MarcEdit update notes

Since a few folks have asked, the update mentioned last week is coming along nicely. At this point, I have a number of MarcEdit users that are testing new features and the install program (both individually and in an enterprise environment). Things are looking good, so it will be out the door as soon as all reports have come in. Some notes again on the update:

Extending the Z39.50/SRU client to provide multi-target searching.
This is a fairly often requested feature, but I’ve always held off adding it as a courtesy to OCLC (a number of years ago, I’d received a request when MarcEdit was set to add a Z39.50 client to keep it simple.) It’s been a long time and times have changed — so I’ll be lifting this restriction slowly. To start, the program will allow searching of 3 databases at once. As I finish rethreading the requesting engine, I’ll likely remove even that restriction.
Improved large UTF-8 file support in MarcEdit:
MarcEdit has what I call a preview mode. It essentially opens a snippet of a large file into an editor so users can preview global changes that they might run on a record. This is how I like to work with large file sets. However, some people like loading the entire file into a viewable space. Now files under 30 MB — these are fairly harmless and easy to load into any traditional editor — but files over 30 MB are difficult to view in Windows. The reason for this is memory. For every byte loaded, it takes ~4 bytes of RAM to view. So, a 30 MB file consumes 120 MB of system memory. A 60 MB file would consume 240 MB of memory, and so on (I’ve oversimplifying this, but you get the general idea). In MarcEdit, the program has always traditionally relied on a customized version of what is called the RichEdit component. This is the same component Microsoft leverages in Wordpad. It provides fairly good UTF8 support, as well as a good deal of formatting support. The downside is speed. When loading lots of data, the component tends to get bogged down, as part of the loading process is converting data not in richtext to richtext on the fly. For smaller documents, the conversion isn’t noticed. For larger documents, its a real time drain. Likewise, charactersets like Hebrew, Arabic and Asian sets cause it all kinds of speed and resource problems. So after sending emails back and forth to Microsoft’s support, I finally came up with a solution — write my own text rendering built upon the general textbox components in Windows. It took a while, but I’ve got it working and early reports from testers is that it’s faster and consumes less memory. Of course, since I spun my own, I also set a hard limit on the file total file size that can loaded into the editor at a half GB. In reality, you’d run out of system memory before you ever were able to load a 1/2 GB, so this seemed more than reasonable. Of course, if you have files larger than a 1/2 GB, you can load them just fine into MarcEdit for editing, so long as you utilize the preview mode.
Installation:
You wouldn’t think that this would be a big deal. I mean, installing a program is one of the basic parts of program design. However, when you are talking about a large number of users or an enterprise system, it gets very complicated. MarcEdit previously utilized an installer that relied on the Nullsoft installer with a number of plug-ins and shims that I’d written myself. It was great for what it did, but poor for large enterprise level installations. However, up until recently, I really didn’t care because most people that use MarcEdit simply download and install it. However, times are changing as more libraries are moving from in-house IT management to utilizing centralized IT management. The downside of this is that desktop management is all done through a central switch — with users losing the ability to install and manage their own software. In the past month, I’ve had two system administrators (one from a very large university system) contact me inquiring about changing the install model. They want to be able to manage the program centrally. Made since, but when you have a user community measured in the tens of thousands, making these types of significant changes take a lot of planning and work because you need to bring everyone along at the same time. There are a lot of gory details involved in making this work — but after many long nights, I finally was able to slay the beast, which is the windows installer, and come up with a package that would be usable. Yeah me! Right now, I’m having users from a wide variety of institutions, that have done various levels of customization, testing the installer within their environments. So far, the only comments received have been cosmetic — which makes me think that this is close.
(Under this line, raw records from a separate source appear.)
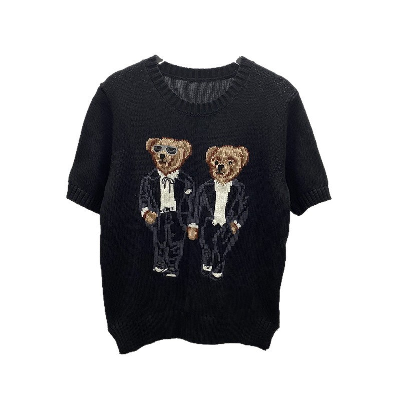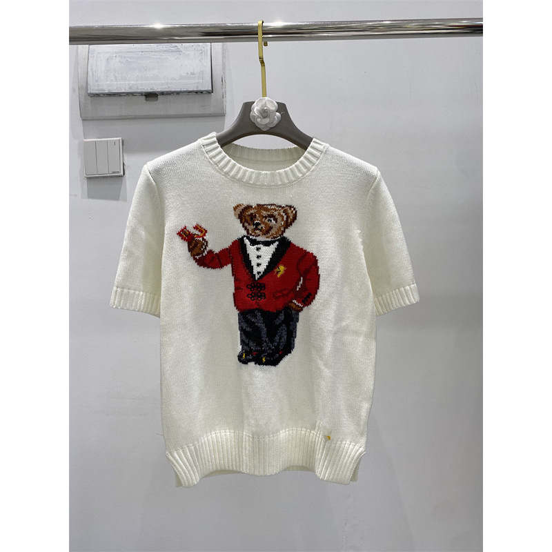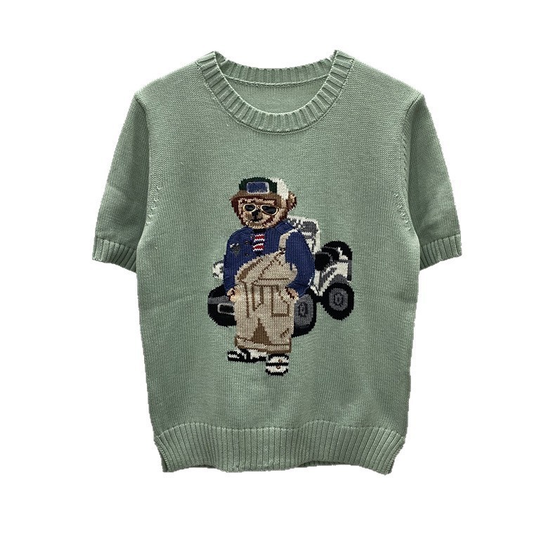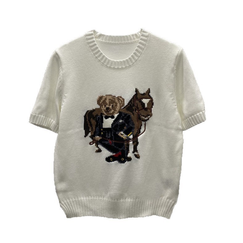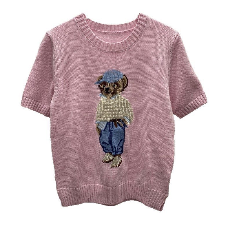 고품질의 새로운 만화 자카드 곰 스웨터 여성용 반팔 탑 2025 핫 스타일 대외 무역 AliExpress 여성 의류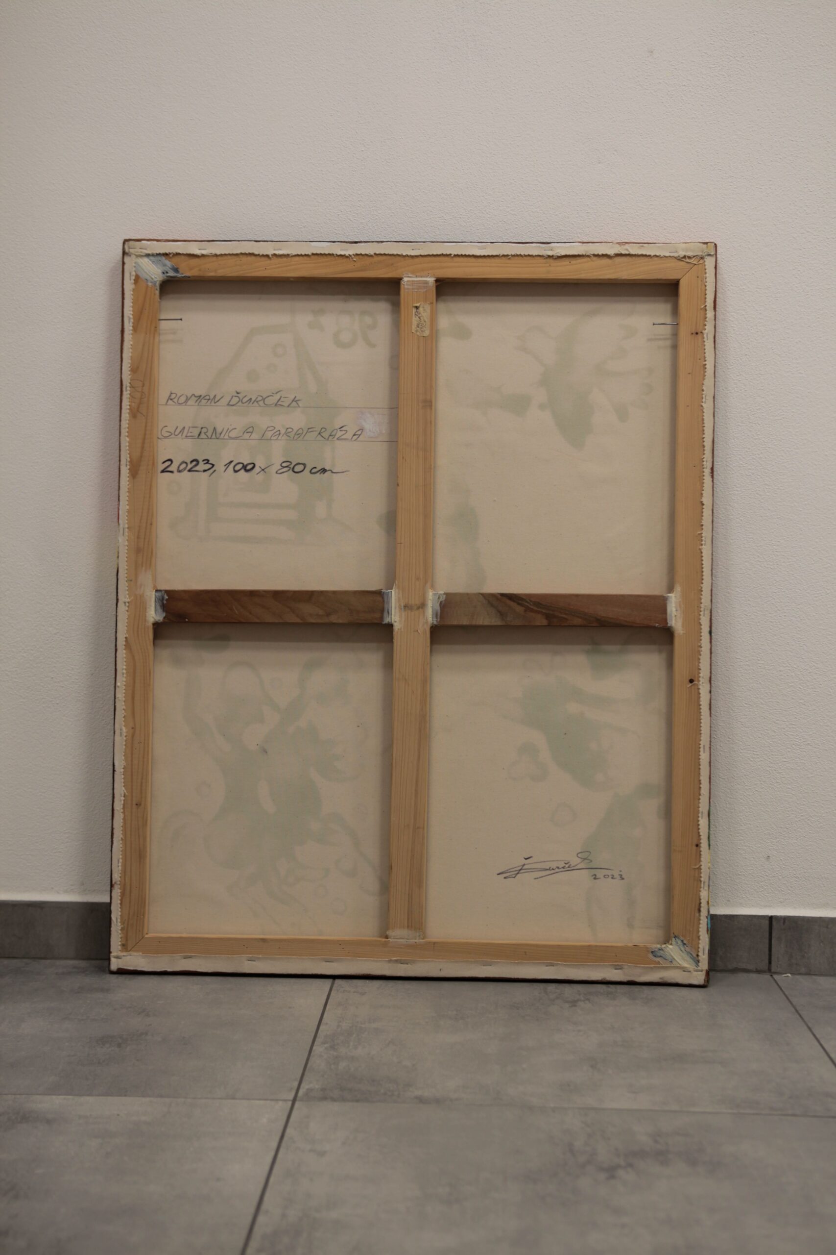Toto dielo od Romana Ďurčeka, nazvané „Guernica – parafráza“, predstavuje expresívnu reinterpretáciu klasickej témy, ktorá kombinuje surrealistické, abstraktné a kubistické prvky. Autor diváka okamžite zaujme dynamikou kompozície a kontrastom farieb – sýta zelená, purpurová, červená a žltá vytvárajú vizuálnu explóziu, ktorá podnecuje k detailnému skúmaniu obrazu.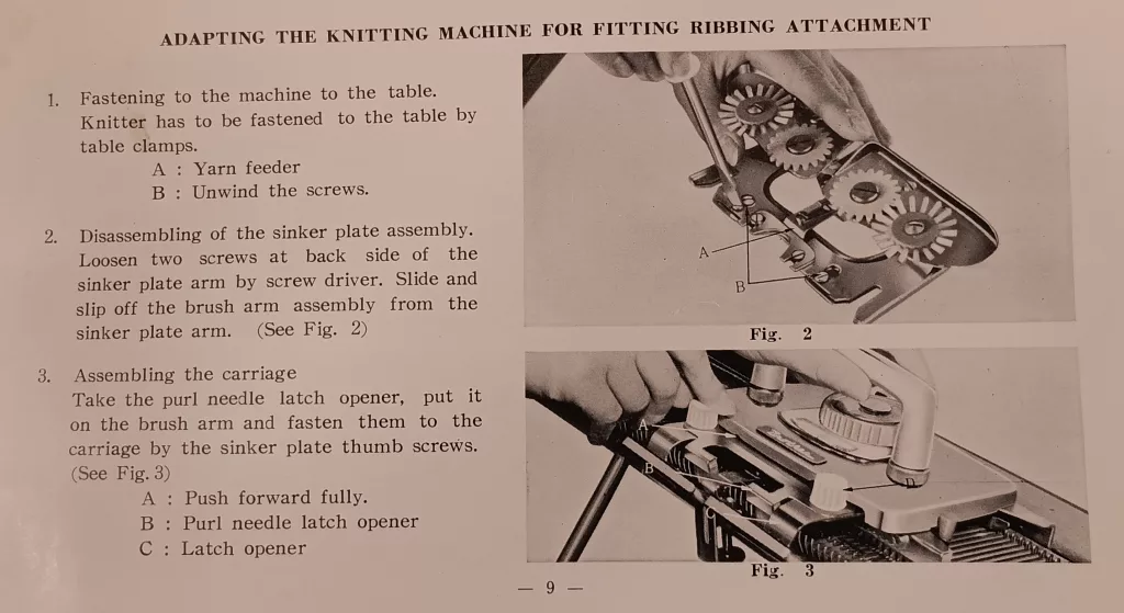 The Brother KH521 knitting machine can be matched with the Brother KR321 ribber. In fact, the KH521/KR321 setup is interesting. That inner section I was talking above about is removed and an attachment for the ribber is placed instead. Below is a picture from the manual of KR321.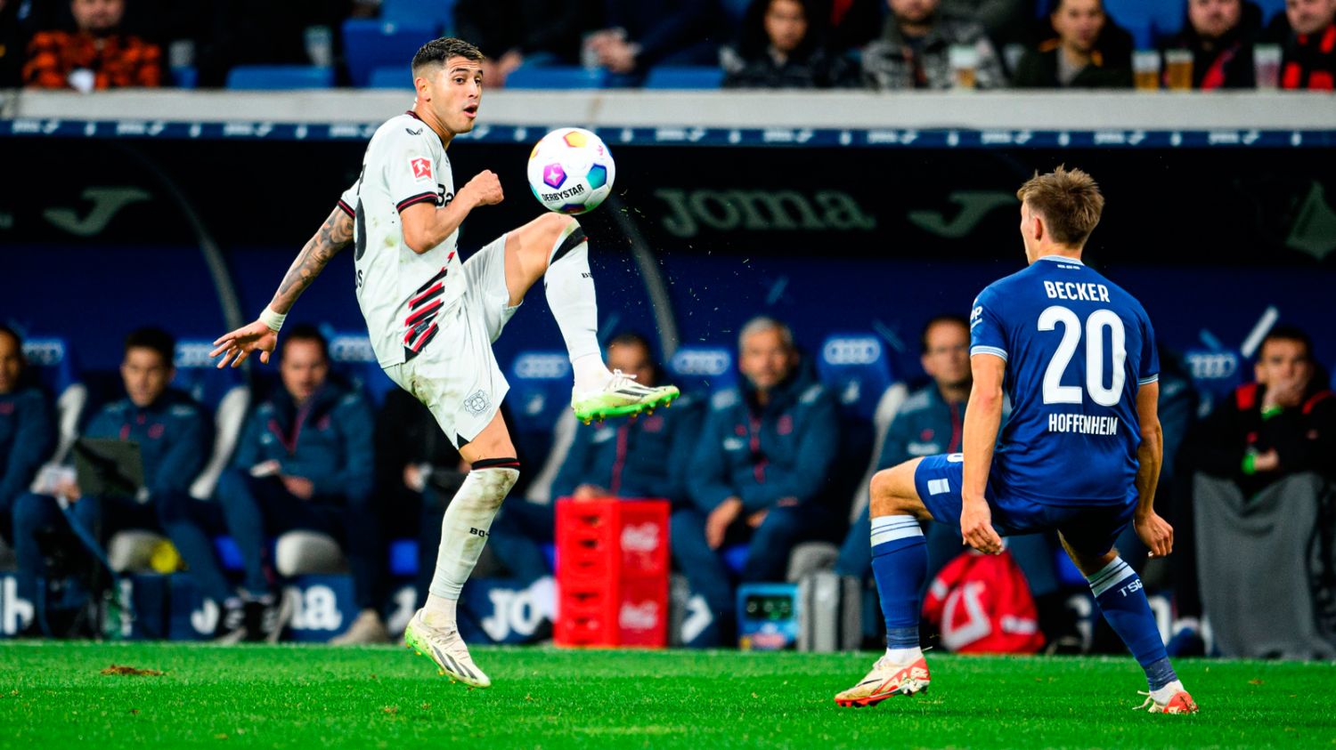 Bayer Leverkusen, con el campeón mundial Exequiel Palacios como titular, superó a Hoffenheim por 3 a 2 en la continuidad de la 10ª fecha de la Bundesliga y se afianzó como único líder del torneo.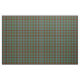 Fabric with the Clan Fraser hunting tartan, dated to 1842, designed at the request of Lord Lovat for use by the Inverness and Nairn militia. Traditional Scottish plaid pattern in shades of brown, bright green and blue with red and white highlights.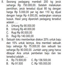 Contoh Soal Aritmatika Sosial. Simak kumpulan soal un dengan materi aritmatika sosial pada pembahasan di bawah. Dapatkan rangkuman materi, contoh soal mengenai aritmatika sosial untuk kelas 7 tingkat smp dilengkapi dengan pembahasannya disini.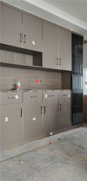 【小二跟單3128】白馬公館 晶鋼門、灰玻玻璃門+實(shí)木多層板、松木刨花板柜體櫥柜生產(chǎn)中
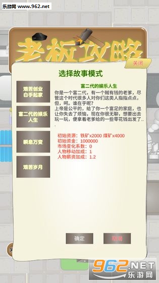 《老板攻略游戏安卓版》是一款画面简约的模拟经营休闲手游,游戏有着艰苦创业白手起家、富二代的娱乐人生、瞬息万变和艰苦岁月四个故事模式可以选择,每种模式下的初始资源和人物属性是不同的,玩家可以建造工厂,招募员工,发展自己的事业。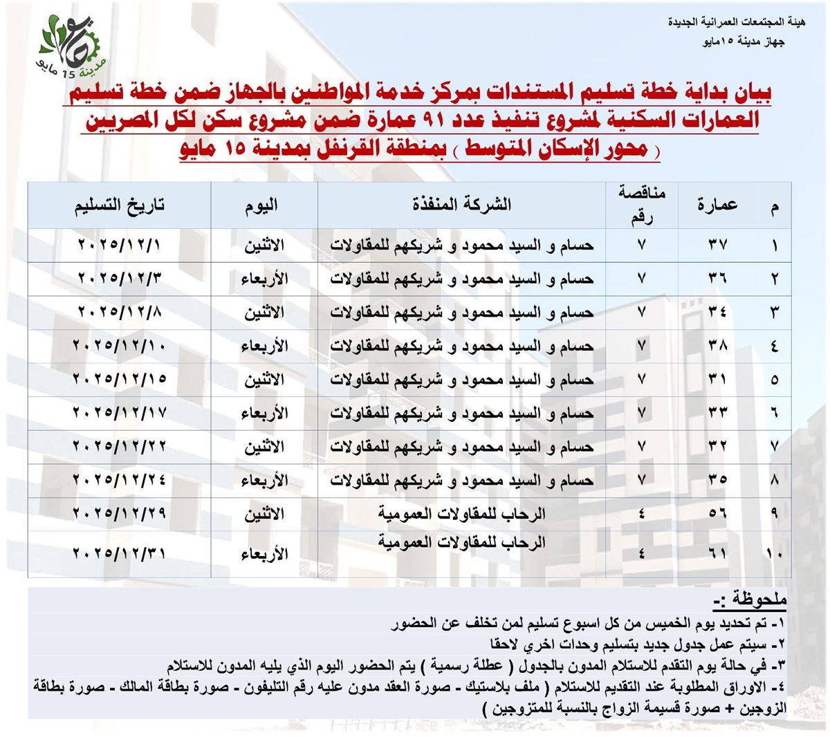بدء تسليم شقق سكن لكل المصريين للإسكان المتوسط بمدينة 15 مايو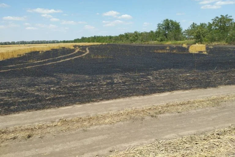 Крім поля, через спричинену обстрілом пожежу також постраждала лісопосадка.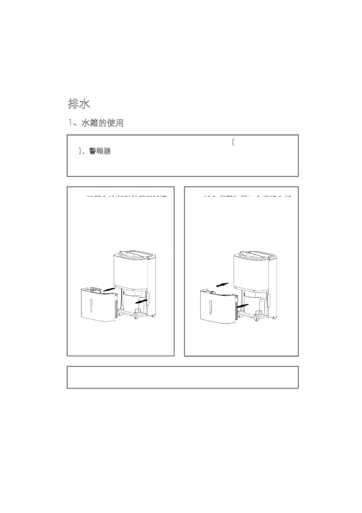 注意:當水箱水滿時請把水箱中的水清空,在把水箱放入機體前,
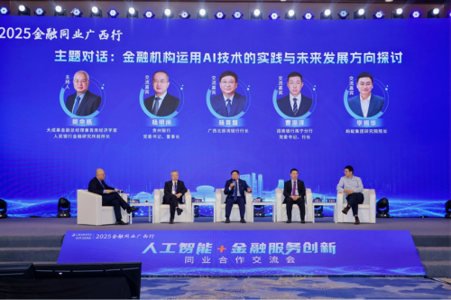 在主題對話環(huán)節(jié),貴州銀行黨委書記、董事長楊明尚,廣西北部灣銀行行長楊育智,招商銀行南寧分行黨委書記、行長曹海洋,螞蟻集團研究院院長李振華等嘉賓圍繞 “金融機構運用AI技術的實踐與未來發(fā)展方向探討”展開深入對話、交流,為金融賦能廣西打造面向東盟的金融開放門戶、服務地方經(jīng)濟高質量發(fā)展提供創(chuàng)新思路。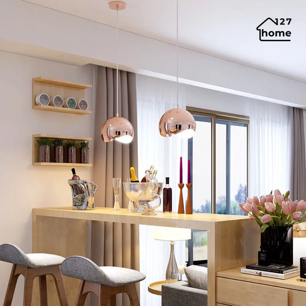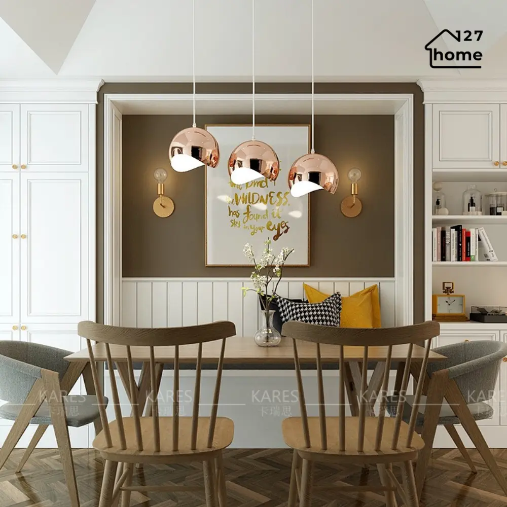 Trang bị bóng E27 phổ biến, đèn mang đến ánh sáng dịu mắt, lan tỏa đồng đều, vừa tiết kiệm điện năng vừa thân thiện với mắt. Đây là lựa chọn lý tưởng khi dùng làm đèn thả bàn ăn, tạo cảm giác ấm cúng, hoặc đèn trang trí cho phòng khách, café với ánh sáng nhẹ nhàng, gần gũi.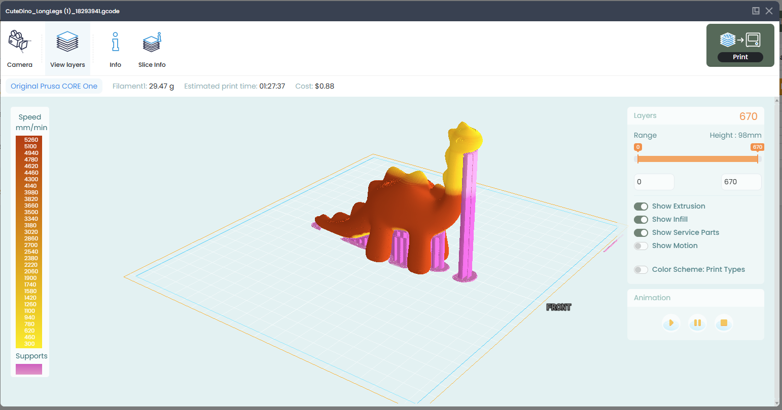 In this view, you can see your 3D print as it will print on the printer, including support material. Check to make sure the support material is where you want and expect it to be.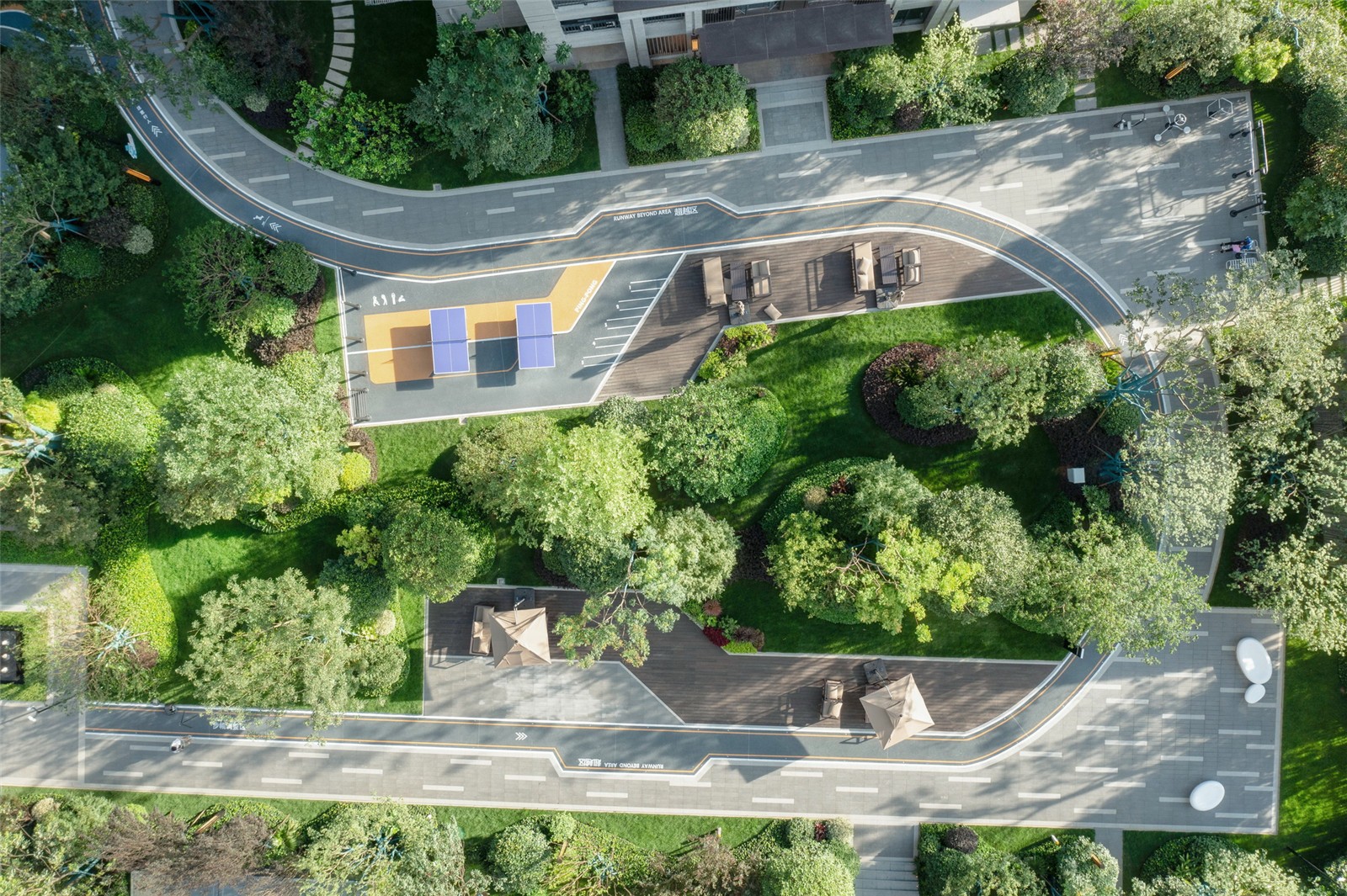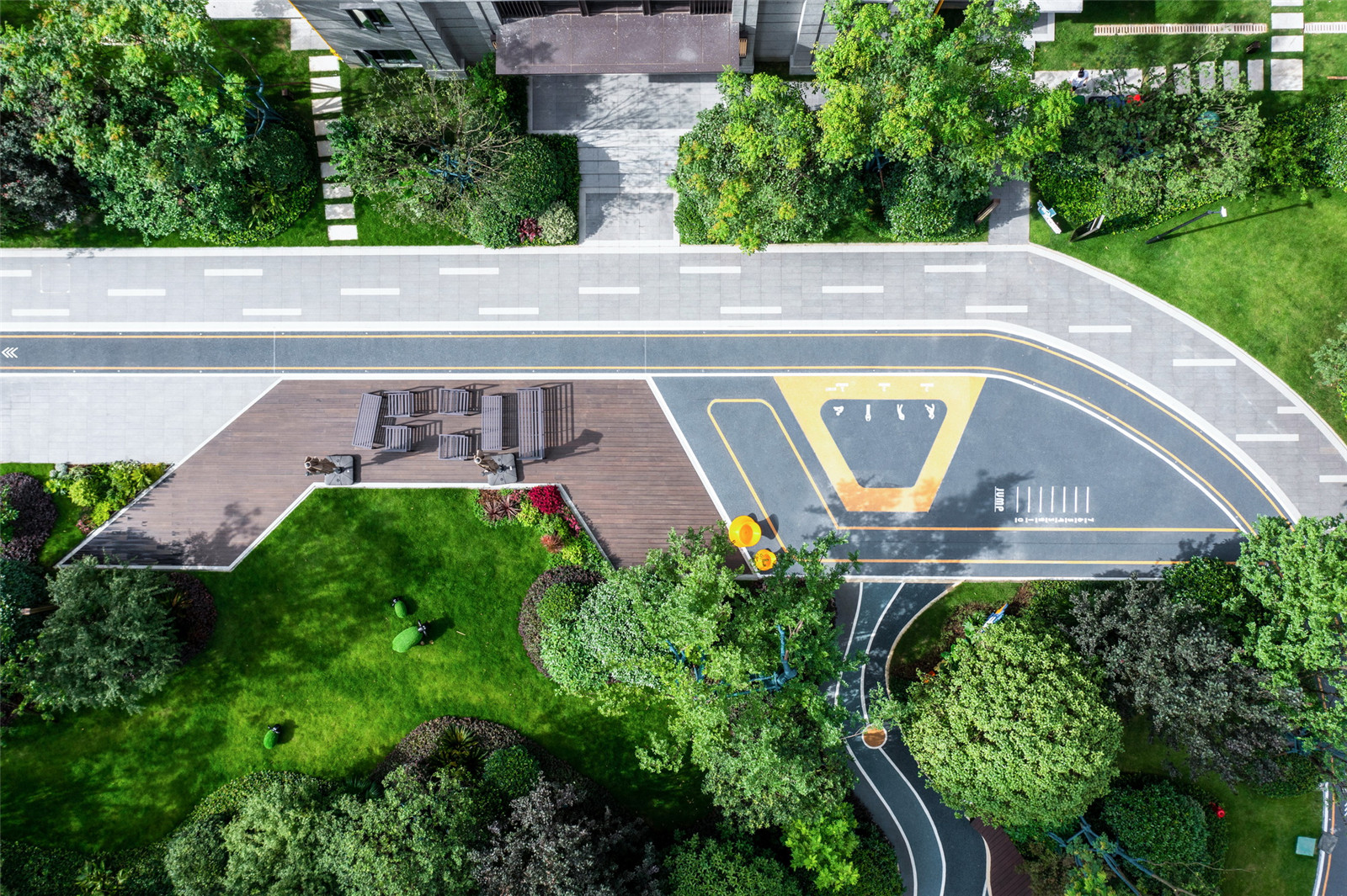 考慮到居者更多的內(nèi)心訴求,設(shè)計(jì)師通過(guò)鋪裝材料和顏色的劃分,合理利用消防通道,行成便捷歸家道和園區(qū)跑步道,多處設(shè)計(jì)地面標(biāo)線、加速區(qū),既起到分區(qū)的作用,又增添了跑步道的趣味性。在有限的空間內(nèi)布局一種完整精致的生活空間,喚起人們對(duì)自然生活的向往。

One additional note. I’ll be participating with a number of folks in the coming year on examining RDA and how it will require tools to change to support the new models. As I work on this and make changes, I’ll try to relay any pertinent information back to the user community.

–TR

Comments

2 responses to “MarcEdit update notes”

Jonathan Rochkind

February 2, 2009

“Of course, if you have files larger than a 1/2 GB, you can load them just fine into MarcEdit for editing, so long as you utilize the preview mode.”

Did you mean as long as you DON’T utilize the preview mode?

Thanks for continuing development on MarcEdit, it’s a great piece of software.
Administrator

February 2, 2009

Johnathan,

No, if you use the preview mode, MarcEdit will only load a snippet (by default, 1 MB) of your file. Using the preview mode to check edits, you can edit files of any size. It’s when you load the entire file into the MarcEditor (turn the preview mode off or force loading of the entire file) — where you run into the hard limit.

–TR